- How to complete this task -
Records follow. Print exactly the lines from the one that has "将另一个牙膏盒上面剪一个洞,如图所示。" through the one that has "Ежедневник с твердой", inclusive, and omit the pictures.

- Records for this task -
------------------------------
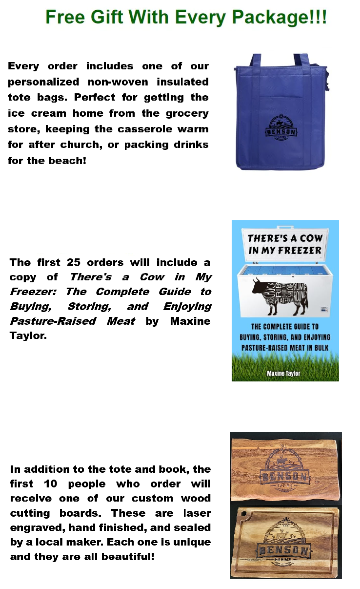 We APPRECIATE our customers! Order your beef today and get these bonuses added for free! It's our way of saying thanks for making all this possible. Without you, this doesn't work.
------------------------------
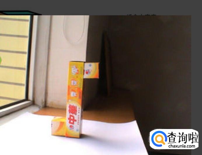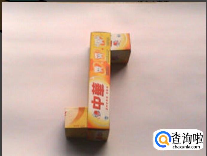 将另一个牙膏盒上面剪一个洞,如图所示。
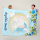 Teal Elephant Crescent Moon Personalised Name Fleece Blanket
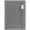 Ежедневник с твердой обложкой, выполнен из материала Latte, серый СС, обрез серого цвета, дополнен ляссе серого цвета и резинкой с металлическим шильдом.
------------------------------
- Expected answer -
 将另一个牙膏盒上面剪一个洞,如图所示。
 Teal Elephant Crescent Moon Personalised Name Fleece Blanket
 Ежедневник с твердой обложкой, выполнен из материала Latte, серый СС, обрез серого цвета, дополнен ляссе серого цвета и резинкой с металлическим шильдом.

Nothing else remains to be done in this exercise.